What does a digital twin look like?

A frequently asked question is whether a digital twin always has to be modelled in 3D. The answer depends on your objective. A 3D environment can offer valuable insights for designing new products or training operators. It allows you to assemble virtually, test different designs, or let staff practice without any risks.

But for many applications, 3D is unnecessary. If you want to optimize a supply chain or predict energy consumption, you don't need a three-dimensional representation. In fact, it can distract from the actual data analysis.

Algorithms and AI

Collecting data is one thing; generating value from it is another. That’s where algorithms and AI come in. Machine learning supports digital twin applications through:

• Pattern recognition helps to identify deviations in performance before they cause downtime.
• Predictive models use historical data to predict future events. When does a pump need maintenance? How much energy will a building consume tomorrow? Based on past patterns and current conditions, algorithms can make reasonably accurate predictions.
• Optimization algorithms search for the best solution within certain constraints. How do you control AVGs so that traffic jams don't occur? How do you plan maintenance without shutting down production? These algorithms test thousands of scenarios to find the optimal solution.

The power of AI lies primarily in processing large amounts of data and discovering patterns that humans would miss. But these algorithms are only as good as the data they are trained on.

 

Successfully implementing digital twins

A digital twin isn’t a magic solution. Success depends on several key conditions.

First and foremost, your data must be complete and up to date. If information arrives too late or in the wrong order, you may end up making decisions based on outdated insights. That can be risky, especially when processes are adjusted automatically.

Observability is another critical factor. It refers to how well you can understand what’s happening inside a system based on the data you collect from the outside. Too few sensors mean limited insight; too many create noise and unnecessary costs.

Before a digital twin can be used to simulate new scenarios, it must prove that it accurately reflects reality. That takes time and real-world data to validate the model.

Data ownership also deserves attention. Some providers offer ready-made digital twin solutions, which can be convenient, you don’t have to reinvent the wheel. But the downside is that your data may end up locked inside their systems. It’s essential to remain the owner of your data so you can use it freely for other applications in the future.

Finally, the organization itself needs to be ready. Implementing a digital twin often requires changes in processes and workflows.

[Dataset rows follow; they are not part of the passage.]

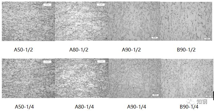 同時,由于厚度的差異,80mm、90mm厚的鋼板的板厚度1/2和1/4的強(qiáng)度性能有一定差異,這種差異在微觀組織上也有一定的表現(xiàn),如圖1所示。由于變形在厚度方向的不均勻分布及冷卻強(qiáng)度的不同,越接近鋼板表面的組織越細(xì)小,針狀鐵素體的比例也越高。這種組織上的差異影響了力學(xué)性能。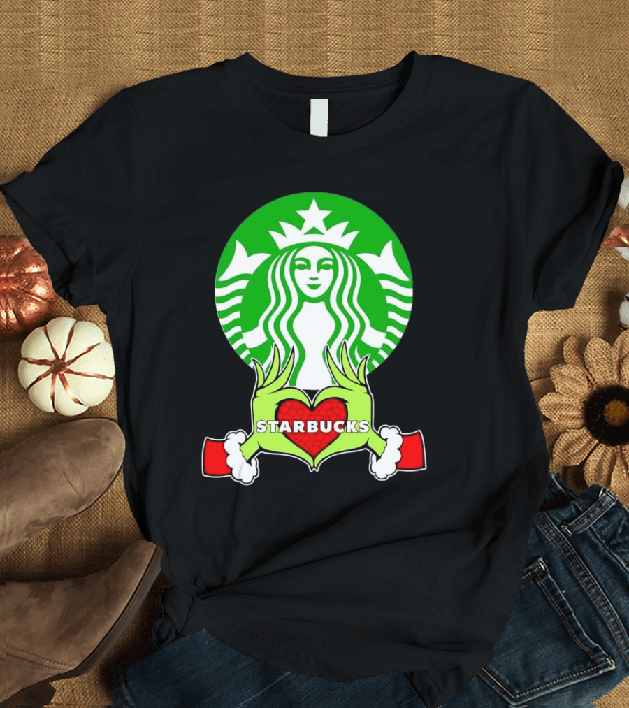 Grinch Hands Holding Heart Starbucks Christmas T-Shirt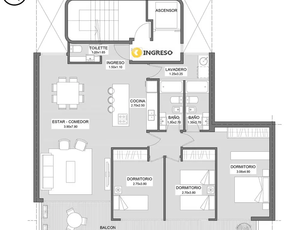 Piso exclusivo con íIngreso a estar comedor con cocina integrada en isla y salida al balcón corrido sobre calle Italia. Toilette. Master suite con vestidor y salida al voladizo al frente. Dos dormitorios secundarios asistidos por baño completo, uno de ellos con salida al balcón.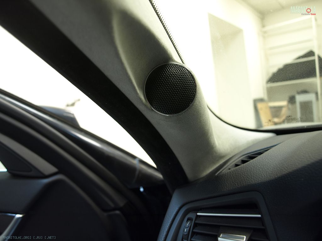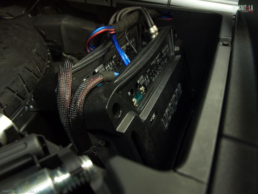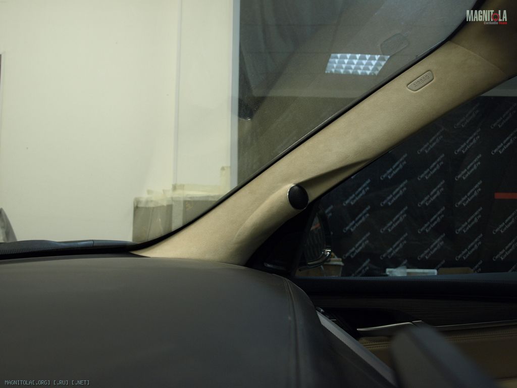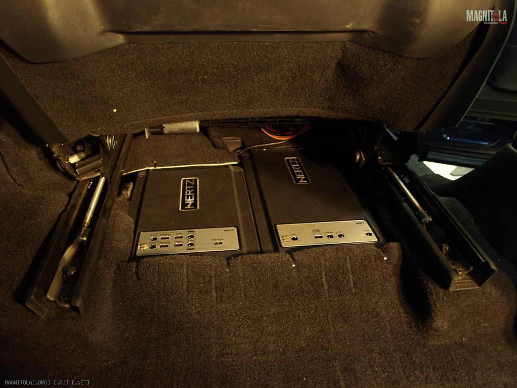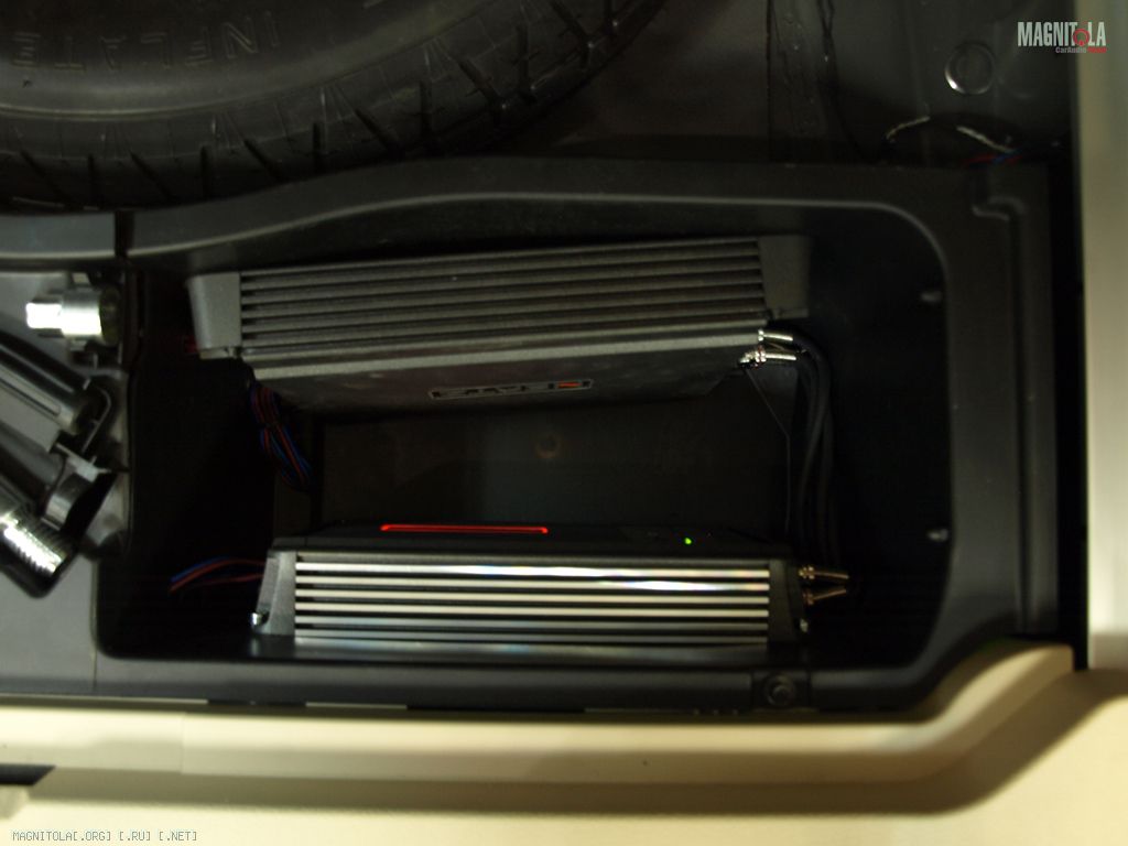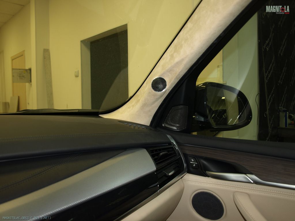 Первый Х5 оснащён заводским Harman/Kardon, который мы безжалостно демонтировали. Изюминкой системы являются ВЧ динамики, легендарные итальянские AD MM1 от Audio Development, установленные в передние стойки. Источник, как обычно штатный, с цифровым адаптером Триома отдающим сигнал в процессор Helix. СЧ и НЧ динамики уже известной французской компании Blam. На ВЧ и СЧ работает усилитель Hertz HCP4D, на НЧ и сабвуфер усилитель Hertz HDP4. Сабвуфер в этой системе так же Hertz ES250.

Employees must learn to work with new systems and build trust in the technology.

The real value of digital twins lies in gradual improvement: reducing downtime through predictive maintenance, lowering energy costs with smarter control, and improving planning by identifying bottlenecks.

For many companies, that’s already enough to justify the investment. The key is to set realistic goals and work toward them step by step. Digital twins aren’t a hype, but they’re not a cure-all either. They’re a powerful tool for companies that want to truly understand and improve how their systems perform.